Activity:
Extract the lines of the material below, beginning with the first and ending with the line that holds "6 mm brett ståldiadem". Skip every picture.

Data shown:
· · · ·
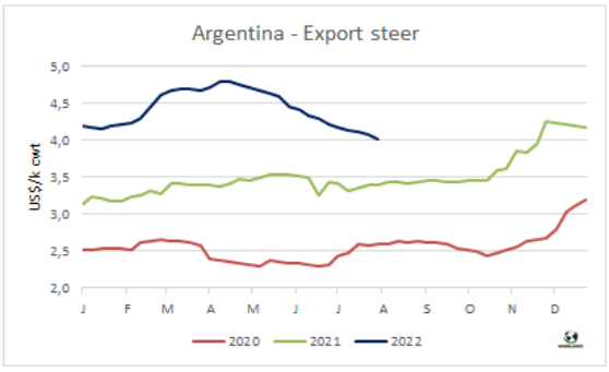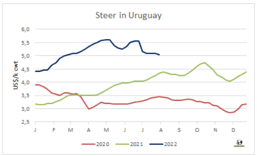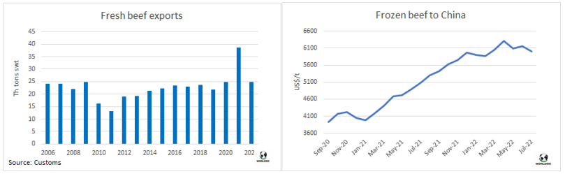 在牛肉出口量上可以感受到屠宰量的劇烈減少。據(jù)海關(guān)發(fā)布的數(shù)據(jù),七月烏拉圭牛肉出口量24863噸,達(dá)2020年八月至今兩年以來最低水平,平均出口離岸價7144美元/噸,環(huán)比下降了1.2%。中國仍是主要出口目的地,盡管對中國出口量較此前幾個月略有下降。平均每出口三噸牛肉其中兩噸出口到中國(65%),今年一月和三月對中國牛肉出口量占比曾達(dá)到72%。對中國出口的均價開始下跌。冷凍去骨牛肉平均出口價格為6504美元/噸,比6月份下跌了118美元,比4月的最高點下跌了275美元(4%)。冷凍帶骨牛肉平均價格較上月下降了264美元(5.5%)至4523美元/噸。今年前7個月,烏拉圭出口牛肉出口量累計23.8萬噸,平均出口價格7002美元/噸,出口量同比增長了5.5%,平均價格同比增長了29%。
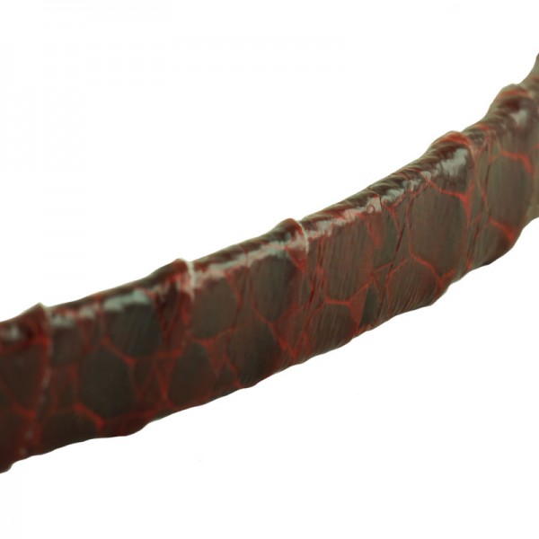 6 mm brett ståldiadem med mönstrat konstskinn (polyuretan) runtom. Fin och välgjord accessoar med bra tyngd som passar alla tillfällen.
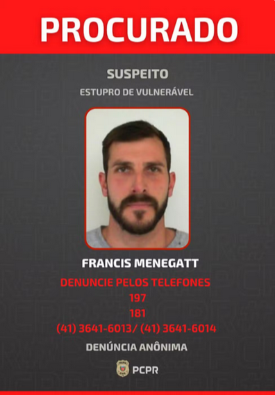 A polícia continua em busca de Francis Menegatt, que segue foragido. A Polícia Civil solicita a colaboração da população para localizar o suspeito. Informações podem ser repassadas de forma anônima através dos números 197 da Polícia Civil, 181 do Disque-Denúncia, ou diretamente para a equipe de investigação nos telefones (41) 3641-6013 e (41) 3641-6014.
· · · ·
Answer box:
 在牛肉出口量上可以感受到屠宰量的劇烈減少。據(jù)海關(guān)發(fā)布的數(shù)據(jù),七月烏拉圭牛肉出口量24863噸,達(dá)2020年八月至今兩年以來最低水平,平均出口離岸價7144美元/噸,環(huán)比下降了1.2%。中國仍是主要出口目的地,盡管對中國出口量較此前幾個月略有下降。平均每出口三噸牛肉其中兩噸出口到中國(65%),今年一月和三月對中國牛肉出口量占比曾達(dá)到72%。對中國出口的均價開始下跌。冷凍去骨牛肉平均出口價格為6504美元/噸,比6月份下跌了118美元,比4月的最高點下跌了275美元(4%)。冷凍帶骨牛肉平均價格較上月下降了264美元(5.5%)至4523美元/噸。今年前7個月,烏拉圭出口牛肉出口量累計23.8萬噸,平均出口價格7002美元/噸,出口量同比增長了5.5%,平均價格同比增長了29%。
 6 mm brett ståldiadem med mönstrat konstskinn (polyuretan) runtom. Fin och välgjord accessoar med bra tyngd som passar alla tillfällen.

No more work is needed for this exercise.